Torch Your Abs In Just 10 Minutes With This AMRAP Abs Workout You Can Do At Home

Say goodbye to workouts with endless crunches and little to show for it: It’s time to test your strength and endurance with a dynamic AMRAP abs workout that lets you track your improvement over time.
“This rep-based workout will help you focus on increasing your intensity to push your limits and build your strength,” says Ben Lauder-Dykes, CPT, Fhitting Room instructor and the host of our June Movement of the Month Club, a monthlong challenge designed to build core strength.
“Improving overall strength will make each daily task a lower percentage effort, so you’ll be able to maintain the same effort for a longer period.”
But it’s not all work and no play: “This is a great workout to use to assess your strength progress and a fun way to challenge yourself to see if you can beat your previous score!”
Join the movement
If you’re following along with our Movement of the Month Club, these are the moves for week 3. You’ll do one ab exercise each day, Monday through Saturday.
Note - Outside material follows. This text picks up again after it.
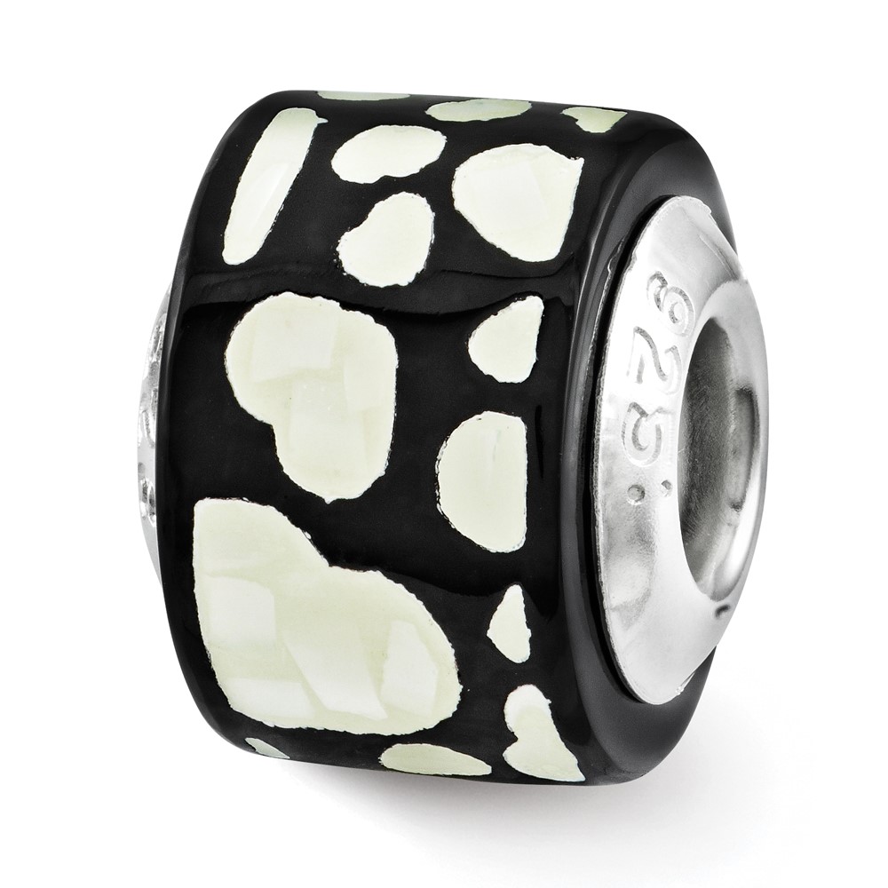 Sterling Silver Reflections Black/White MOP Hearts Mosaic Bead
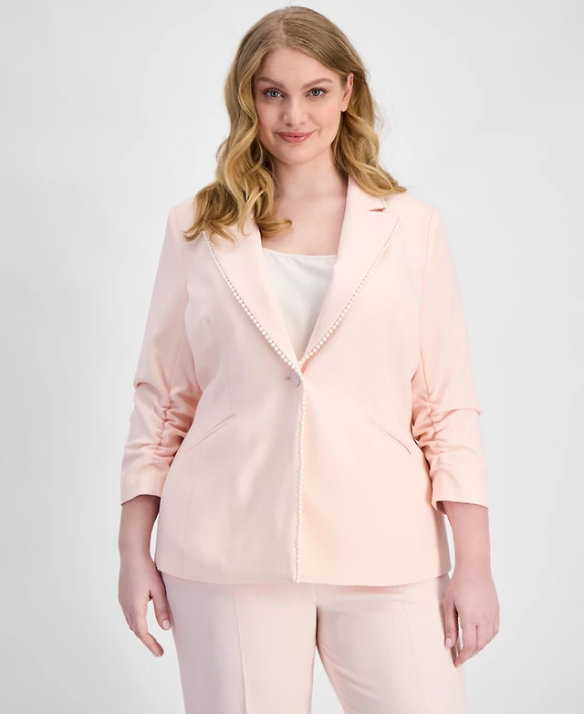 Tahari Asl Women's Faux-Pearl-Trim Ruched-Sleeve Blazer

Then on Sunday, you’ll do the full 10-minute workout.
For the full workout, complete 10 reps of each exercise for 10 minutes, doing As Many Rounds As Possible (AMRAP).
Here’s your 10-minute AMRAP abs workout

1. Bicycle crunch
Bicycle crunches are one of the absolute best ab exercises for targeting your obliques and rectus abdominis, while also giving your cardiovascular fitness a boost, helping to build a stronger, more defined core.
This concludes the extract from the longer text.